Dataset excerpt:
----

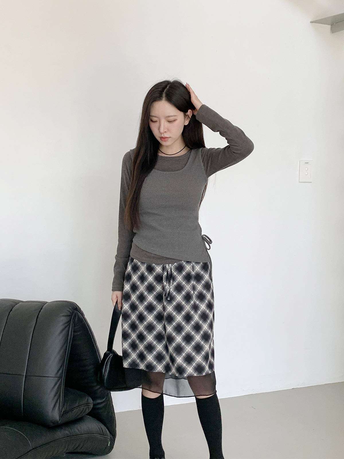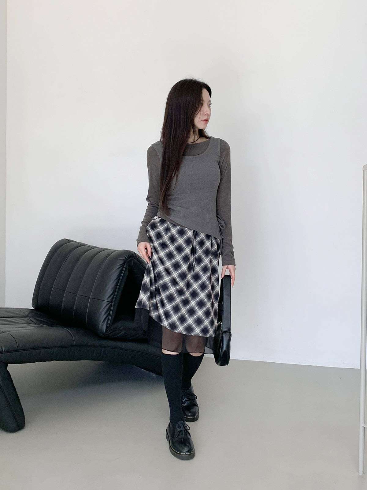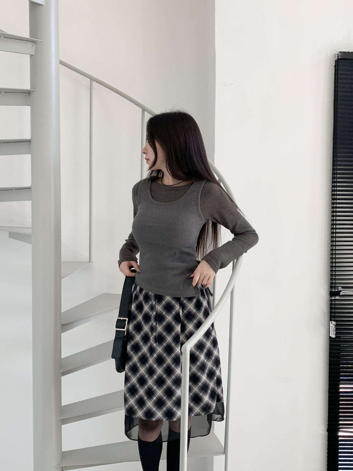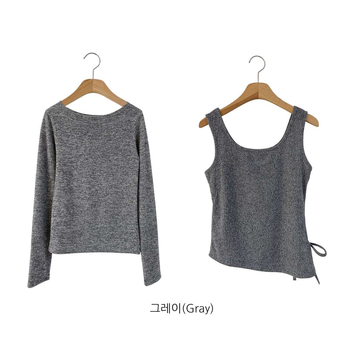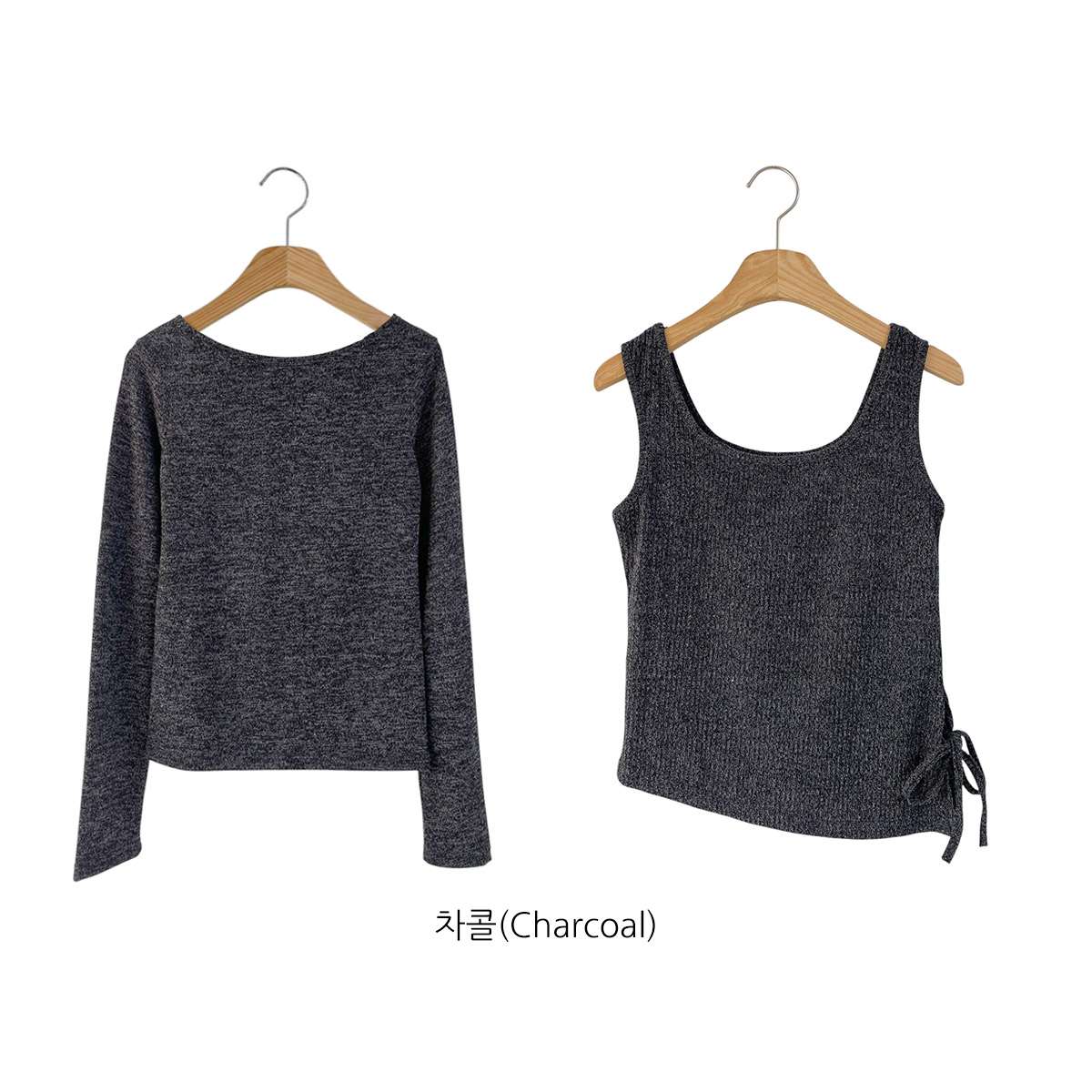 [ SET3836K59-그트인 언발 트임 나시 시스루 긴팔티 세트 ]
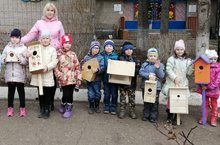 Смастерили мы скворечник.В нашем детском саду состоялась акция "Новоселье у скворца". В рамках акции воспитанники вместе со своими родителями смастерили скворечники и повесили их на территории детского сада. Участники акции старались, чтобы домики для птиц были не только надежными, но и красивыми и поэтому украшали их рисунками и резьбой. Теперь на территории нашего детского сада висят двадцать замечательных скворечников и ждут новоселов.
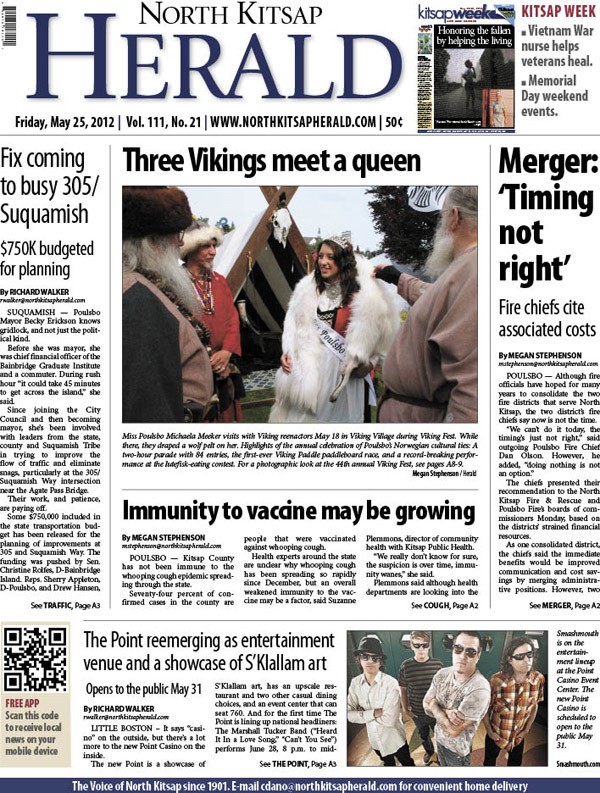 POULSBO — Fire chiefs say timing is not right for merger. A fix is coming to a busy 305/Suquamish Way intersection. Immunity to whooping cough vaccine may be growing. The Point is reemerging as a major entertainment venue and showcase of S’Klallam art.

----

Work order:
Leaving out all pictures, transcribe the listing exactly.

Completed exercise:
 [ SET3836K59-그트인 언발 트임 나시 시스루 긴팔티 세트 ]
 Смастерили мы скворечник.В нашем детском саду состоялась акция "Новоселье у скворца". В рамках акции воспитанники вместе со своими родителями смастерили скворечники и повесили их на территории детского сада. Участники акции старались, чтобы домики для птиц были не только надежными, но и красивыми и поэтому украшали их рисунками и резьбой. Теперь на территории нашего детского сада висят двадцать замечательных скворечников и ждут новоселов.
 POULSBO — Fire chiefs say timing is not right for merger. A fix is coming to a busy 305/Suquamish Way intersection. Immunity to whooping cough vaccine may be growing. The Point is reemerging as a major entertainment venue and showcase of S’Klallam art.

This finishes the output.